Все это на ходу сообщает Кону певец, ловко вырвавшись из цепких лап группы, по ходу успевая добавить, что у семейного Натика интрижка с учительницей географии, будущей косметичкой и, кстати, в Остии немало таких интрижек, а потом разбегаются, он в Австралию, она — в Америку.

Джетто нуово. Темпло исраэлико.

Гетто. Синагога. О них не упоминают в путеводителях по Венеции.

Странное сочетание скученности жилья и пустых улиц, дворов, прочности дряхлых стен и общей эфемерности, словно бы принесенной или, точнее, нанесенной легким бризом от подножий Синая, мусульманского Востока, византийской Малой Азии, эфемерности, такой затейливой и хрупкой, такой вечной, как венецианское стекло.

Переводчик долго мучается, пока находит это слово — эфемерность.

Эта одновременно эфемерность и прочность по сей день влечет сюда людей творческих.

Евреев же она тем более влекла, столетиями влекла, внешне — прочной, всемирной, бойкой торговлей, внутренне, и это главное, силой этой самой эфемерности, силой вечной, присущей евреям и их Богу.

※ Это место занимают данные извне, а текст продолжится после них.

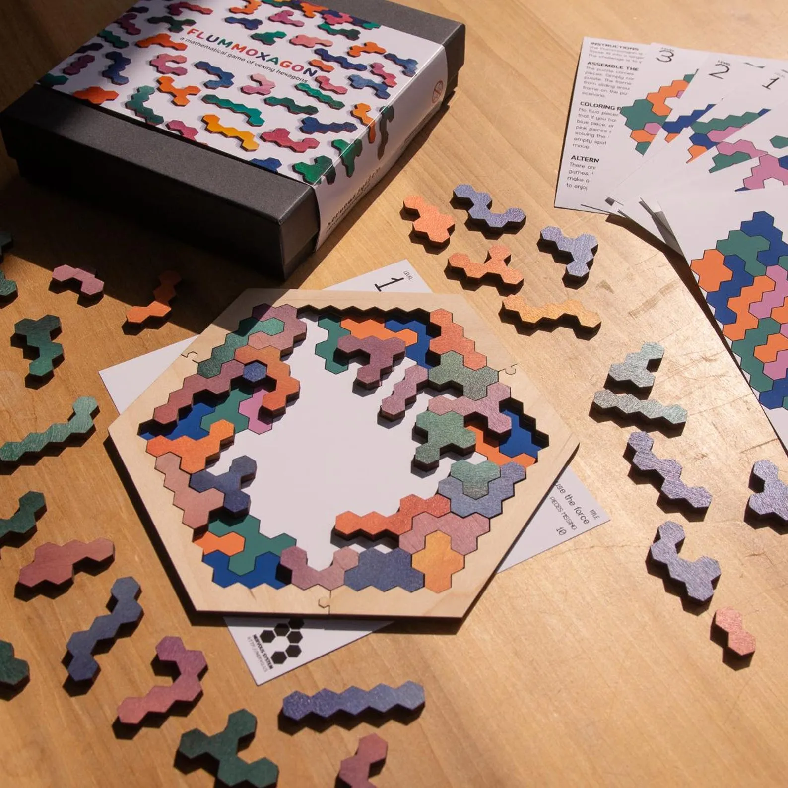 Flummoxagon is a geometric wooden puzzle game designed around satisfying shapes, clean lines, and strategy-friendly placement. Instead of relying only on a picture, this style of puzzle invites you to think in patterns: how angles meet, how edges align, and how a small move can unlock a larger section. The wooden pieces feel solid in hand, making it easier to rotate and test-fit shapes without bending or creasing. You can approach the challenge in different ways—by building outward from a stable core, by matching repeating angles, or by sorting pieces into “families” that share similar corners. Because it’s a game-like puzzle, it’s easy to take breaks and resume without losing your place: simply keep the partial layout on a flat surface or photograph your progress. It’s a great choice for anyone who enjoys spatial reasoning, tidy tabletop activities, and that “aha” moment when a stubborn gap finally closes. Keep pieces dry and store them together so the set stays complete and ready for the next session. Tip: when stuck, rotate a piece 180 degrees and re-check angles—geometric sets often hide solutions in plain sight. It’s also fun to challenge yourself to finish without looking at a reference image. Because the shapes are reusable, you can replay the set many times and challenge yourself with faster solves or cleaner layouts.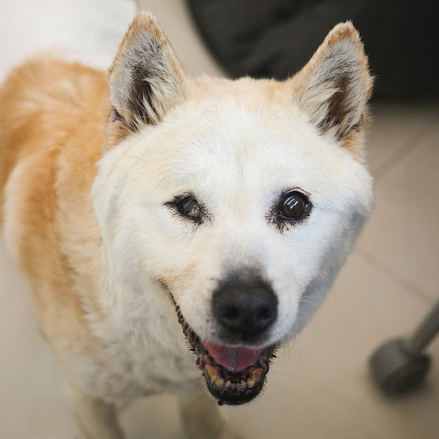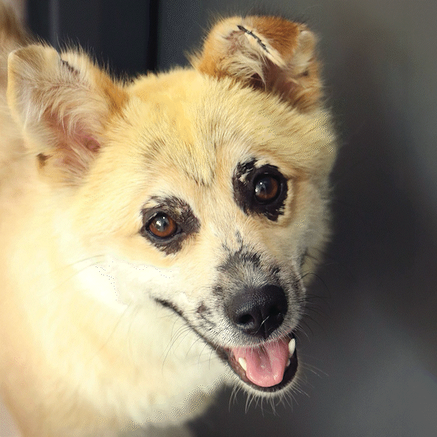 쫑쫑이는 영문도 모른 채 가족과 삶의 자리를 산불로 잃었습니다. 제보로 찾아간 현장엔 모든 것이 전소된 상태였어요. 그러나 쫑쫑이는 씩씩했습니다. 온센터에 입소하자마자 이곳저곳을 누비고, 냄새를 맡고, 낯선 공간을 탐색했어요. 사람의 손길을 겁내지 않고, 폭신한 머리를 내어줍니다. 쫑쫑이의 눈은 여전히 반짝거립니다. 사람을 좋아하는 쫑쫑이의 눈을 바라볼 때면, 늘 활짝 핀 웃음으로 반겨줘요.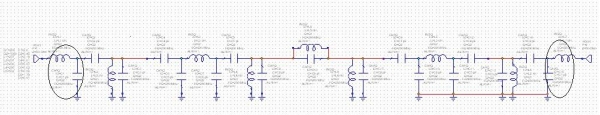本人刚刚入手学习LC滤波器,前几天在微网上看到这样一个带通滤波器模型,不明白电路前段(圈中部分)的串联电感和并地的电容起的是什么作用,希望高手能够指点一下。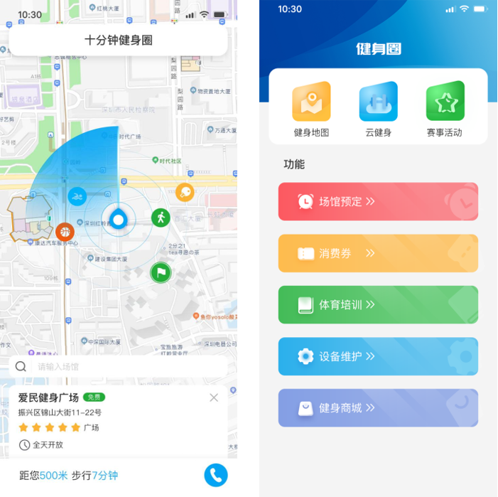 项目主要涵盖健身地图(10分钟健身圈)、云健身、场馆预定、赛事活动、消费券、体育培训、设施维护和健身商城等场景,旨在解决市民就近健身的问题,提升健身的便利性;还可以实现场馆预定及优惠信息查询,高效利用社会资源;此外,赛事活动、优惠券、体育培训、设施维护等功能板块可助力政府推进全民健身智慧化服务。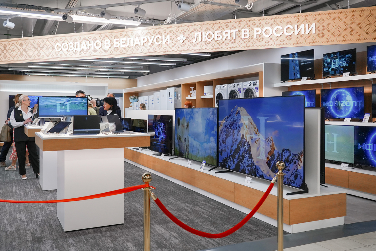 В каталоге представлено более тысячи моделей — от телевизоров и крупной бытовой техники до компактных кухонных устройств. Среди брендов — HORIZONT, ATLANT, Витязь, GEFEST, Белвар, Home Electronics и другие. Покупателям доступны телевизоры разных диагоналей, холодильники, стиральные машины, плиты, духовые шкафы, а также ноутбуки и мониторы.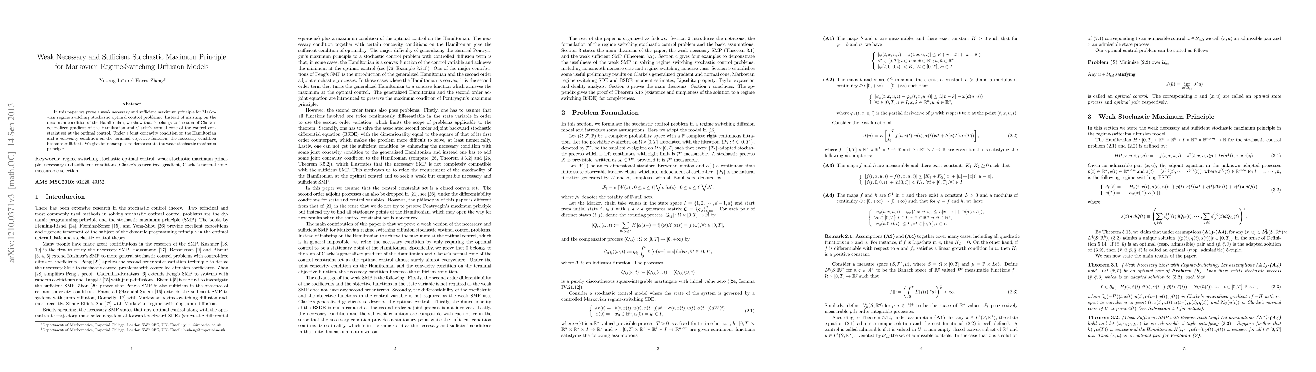 In this paper we prove a weak necessary and sufficient maximum principle for Markovian regime switching stochastic optimal control problems. Instead of insisting on the maximum condition of the Hamiltonian, we show that 0 belongs to the sum of Clarke's generalized gradient of the Hamiltonian and Clarke's normal cone of the control constraint set at the optimal control. Under a joint concavity condition on the Hamiltonian and a convexity condition on the terminal objective function, the necessary condition becomes sufficient. We give four examples to demonstrate the weak stochastic maximum principle.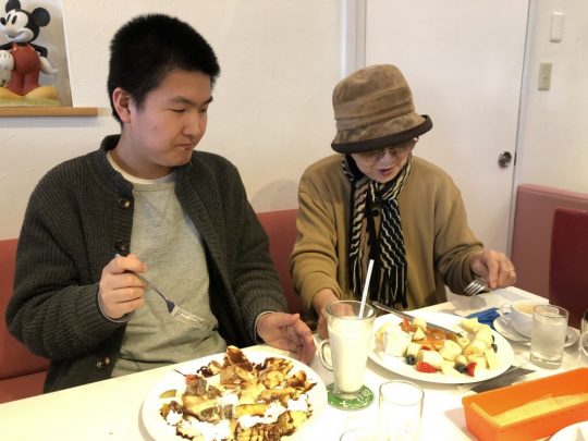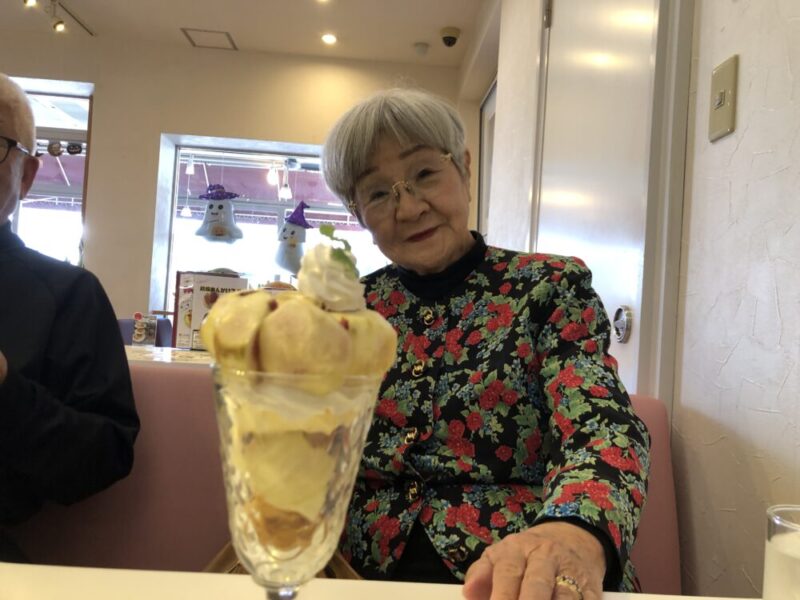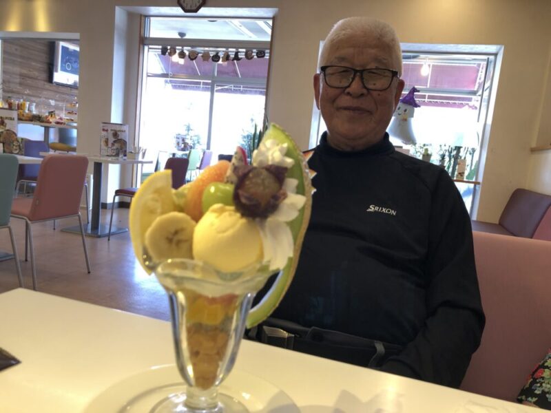 翌日は、おじいちゃん、おばあちゃんと一緒に、セリーヌでフルーツパフェを楽しみました。

Разве не на эфемерном, казалось бы, исчезающем на ветру человеке построено все грандиозное здание еврейского Бытия, Исхода, жизни в тысячелетиях?

Кон привыкнуть никак не может, Кон искоса поглядывает на эту легко летящую девочку, на которую все оглядываются, как на существо, только что сошедшее с какого-нибудь полотна, и тут нет никакого преувеличения, так без труда и просто несет она это сквозь толпу, пялящую глаза, сквозь ветер, развевающий ее волосы, и при этом странные, явно мужские, по тяжести и какому-то даже угрюмому упорству, мысли слетают с ее губ, и бедный язвенник не от болей корчится, а от мучительного желания как можно точнее перевести и тем самым оказаться причастным к столь редкому для него мигу и миру необычных мыслей.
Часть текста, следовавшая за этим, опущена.